## What to work on
Only the lines from the beginning of the entries through the one that holds "Стрипер багатофункціональний 215" may appear in the answer, written out exactly and free of pictures.
##############################
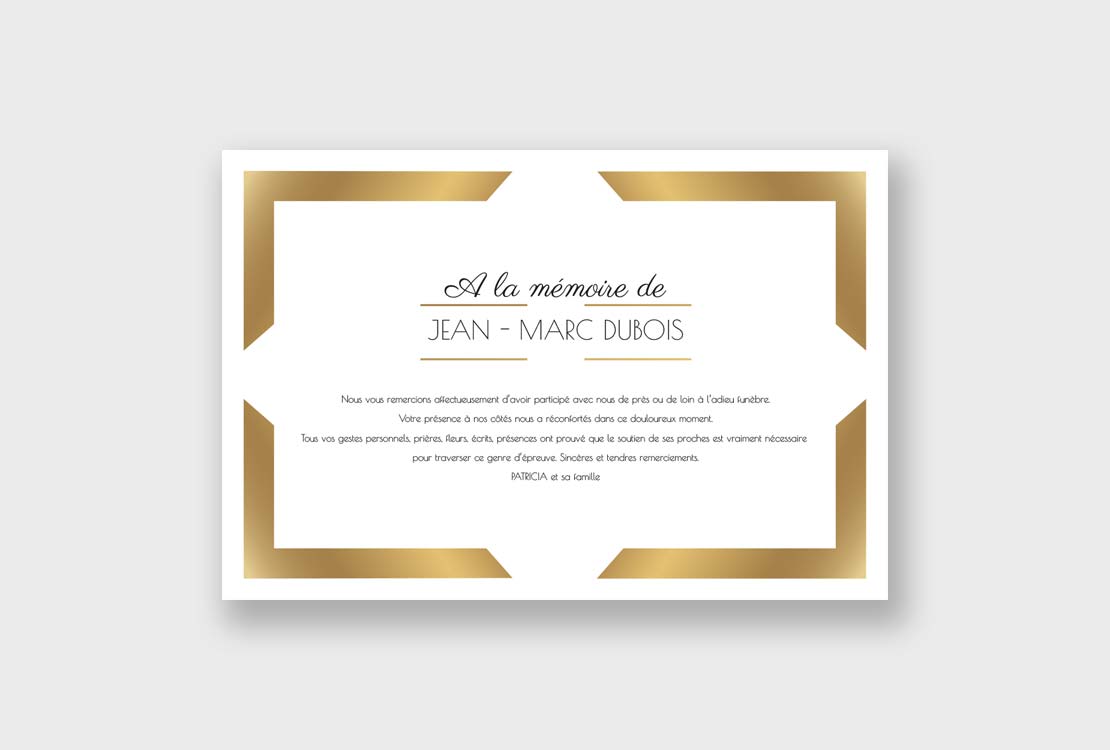 Cette carte de remerciement décès est lumineuse par son cadre or.
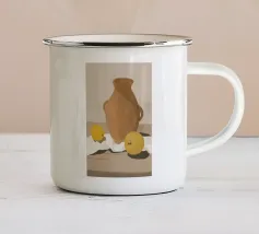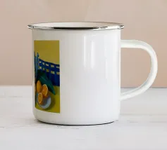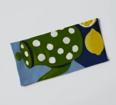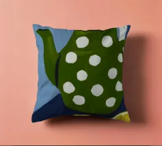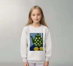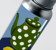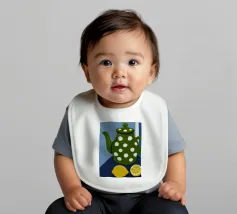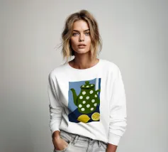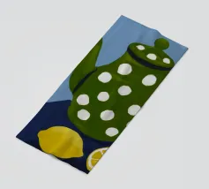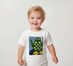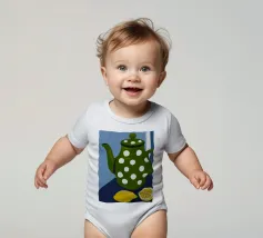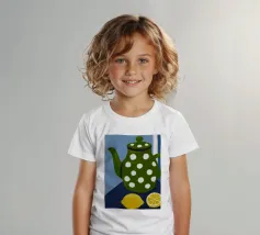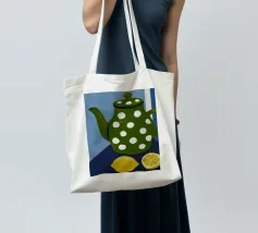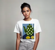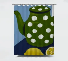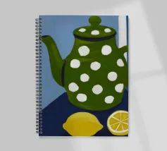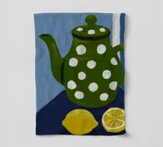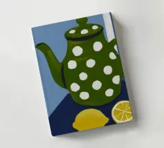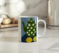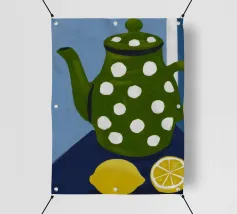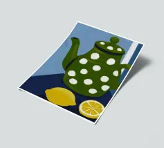 Una stravagante natura morta di una teiera verde a pois bianchi, accanto a un limone a fette su un tavolo blu. La composizione è giocosa e affascinante, con un'atmosfera divertente da cucina retrò.
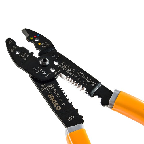 Стрипер багатофункціональний 215 мм INGCO застосовується для зачистки та різання різних видів кабелю, а також для відрізання латунних болтів, обтиску ізольованих і автомобільних клем. Він допоможе швидко і акуратно обробити дроти перед їх з'єднанням без пошкодження.
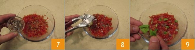 und fügen Sie sie dem Tomatensalat hinzu 7. Fügen Sie auch die Hälfte der Knoblauchzehe hinzu, nachdem Sie sie zerdrückt haben 8, und die Basilikumblätter, die Sie mit den Händen zerkleinert haben 9.
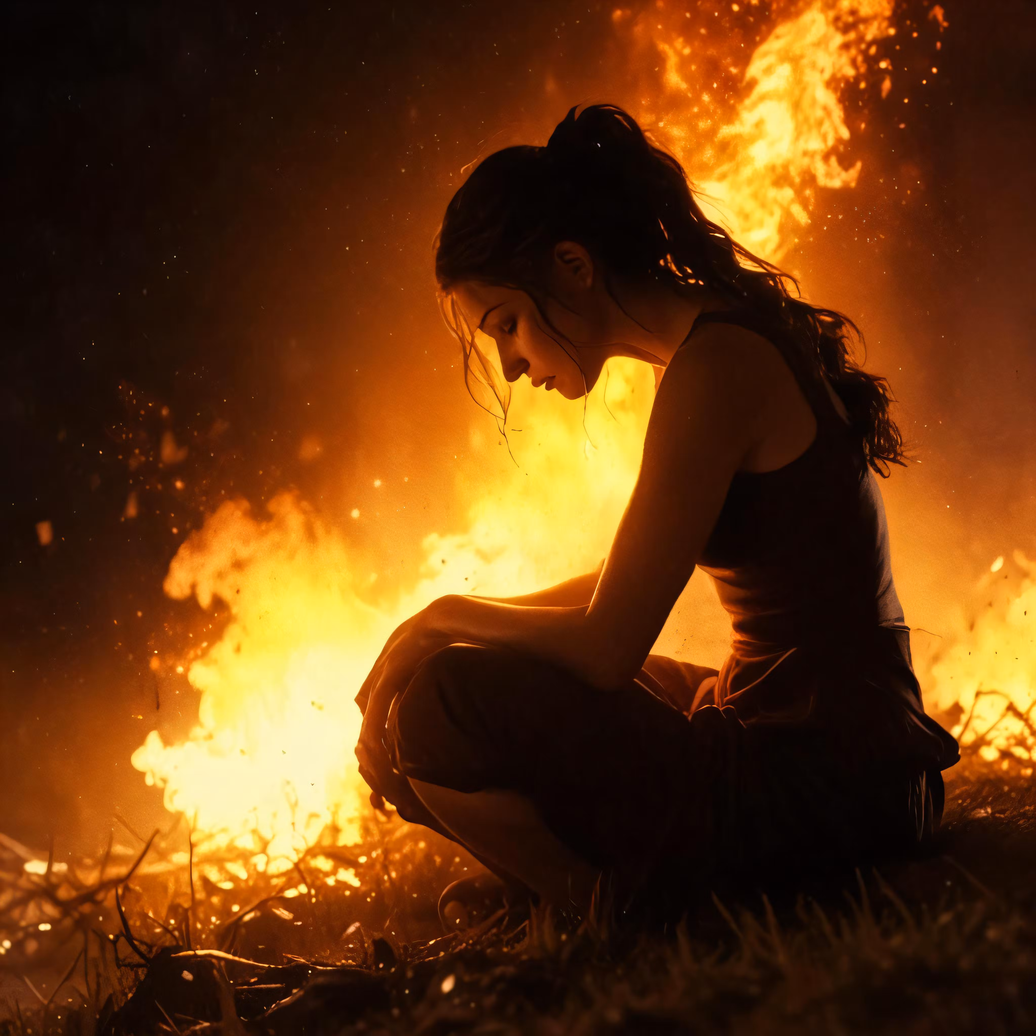 High resolution picture, free to use, an advertisement for a bicycle shop and it says 30 /a woman kneeling down next to fire
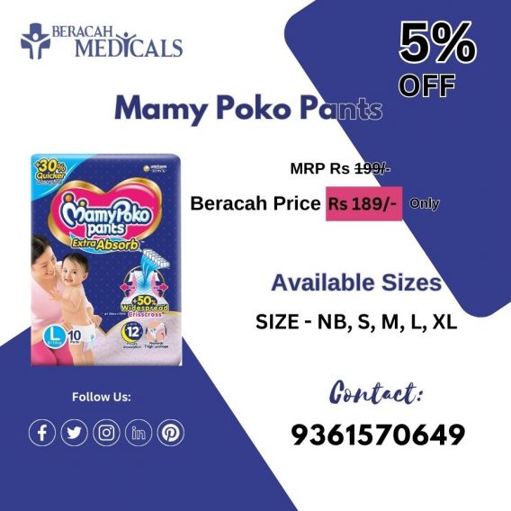 Choose Mamy Poko Pants-Baby Diaper online at low prices from Beracah Medicals and enjoy flat 5% discount. It absorbs +30% more quickly and repeatedly. Prevents leakage without heaviness, Easy to wear, Upto 10 hours of absorption! For orders, Call/WhatsApp: 9361570649
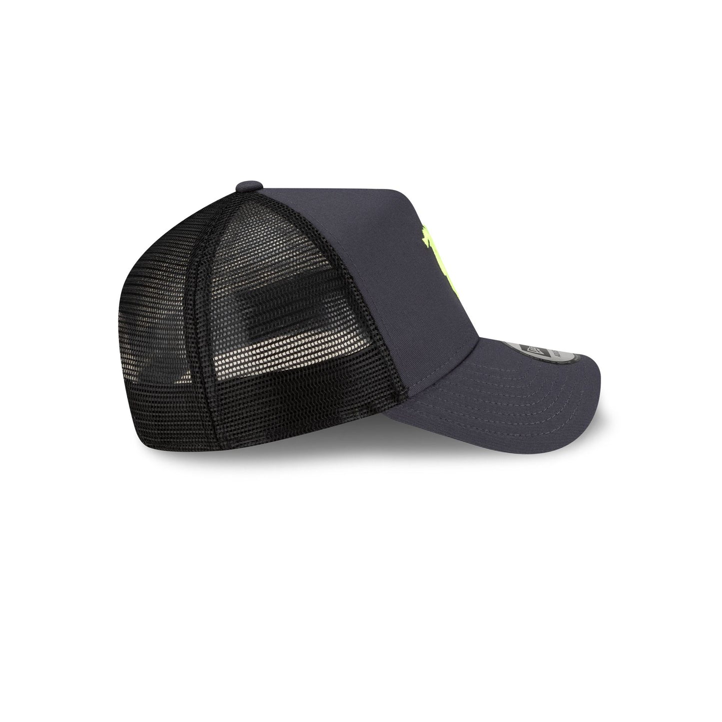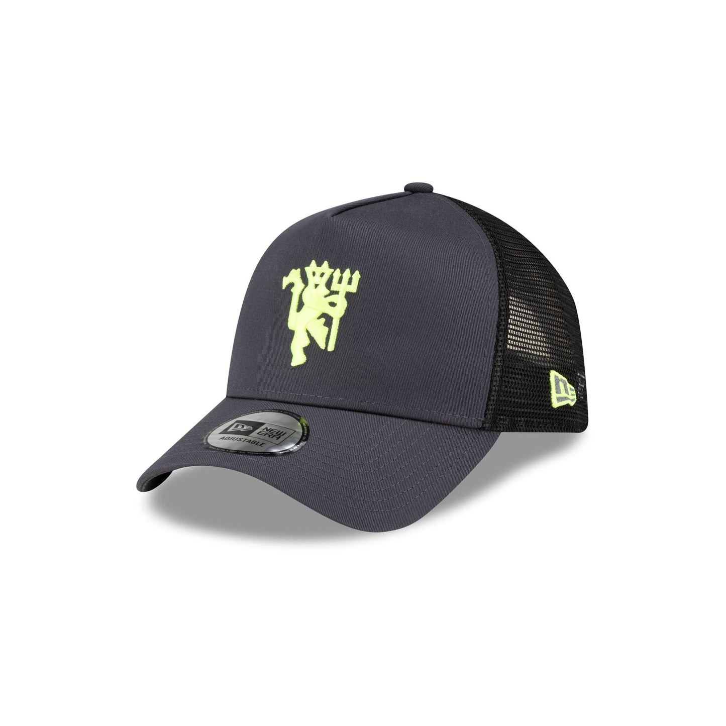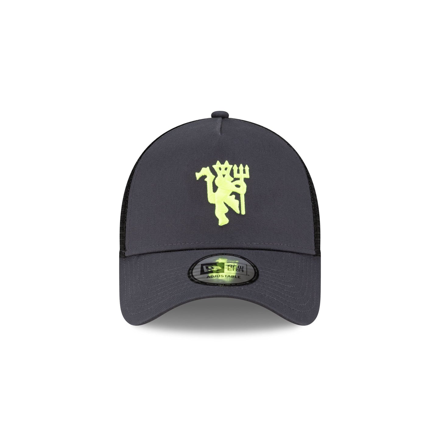 The Manchester United FC Cyber Yellow Pop 9FORTY A-Frame Snapback features an embroidered Manchester United logo at the front panels with an adjustable stretch-snap closure at a mesh rear.
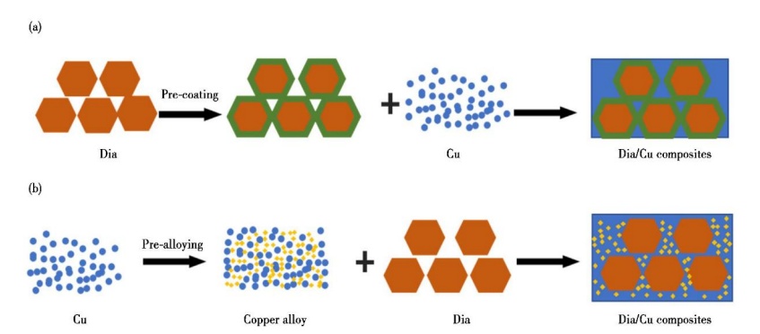 改性示意圖:(a)金剛石表面直接鍍覆;(b)基體合金化
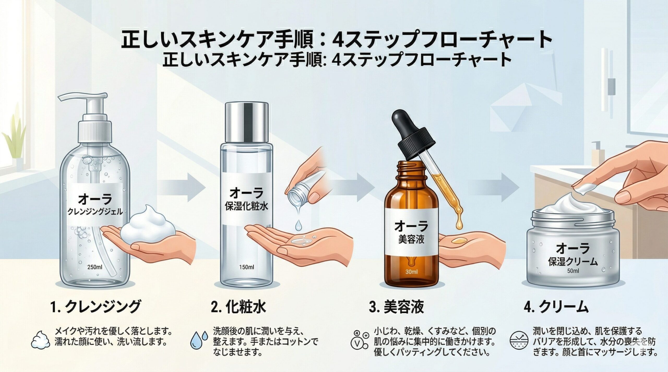 毛穴の黒ずみや開きを改善するためには、クレンジングから美容液、クリームまでのトータルケアを正しい手順で行うことが何よりも大切です。
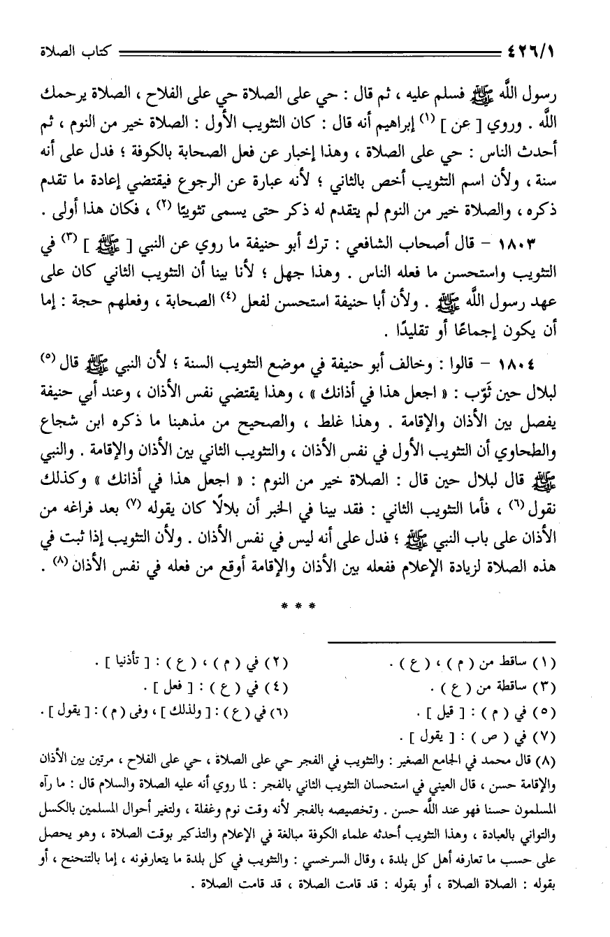 رسول الله - صلى الله عليه وسلم - فسلم عليه، ثم قال: حي على الصلاة حي على الفلاح، الصلاة يرحمك الله. وروي عن إبراهيم أنه قال: كان التثويب الأول: الصلاة خير من النوم، ثم أحدث الناس: حي على الصلاة، وهذا إخبار عن فعل الصحابة بالكوفة؛ فدل على أنه سنة، ولأن اسم التثويب أخص بالثاني؛ لأنه عبارة عن الرجوع فيقتضي إعادة ما تقدم ذكره والصلاة خير من النوم لم يتقدم له ذكر حتى يسمى تثويبًا، فكان هذا أولى.
##############################
## Solution to this problem
 Cette carte de remerciement décès est lumineuse par son cadre or.
 Una stravagante natura morta di una teiera verde a pois bianchi, accanto a un limone a fette su un tavolo blu. La composizione è giocosa e affascinante, con un'atmosfera divertente da cucina retrò.
 Стрипер багатофункціональний 215 мм INGCO застосовується для зачистки та різання різних видів кабелю, а також для відрізання латунних болтів, обтиску ізольованих і автомобільних клем. Він допоможе швидко і акуратно обробити дроти перед їх з'єднанням без пошкодження.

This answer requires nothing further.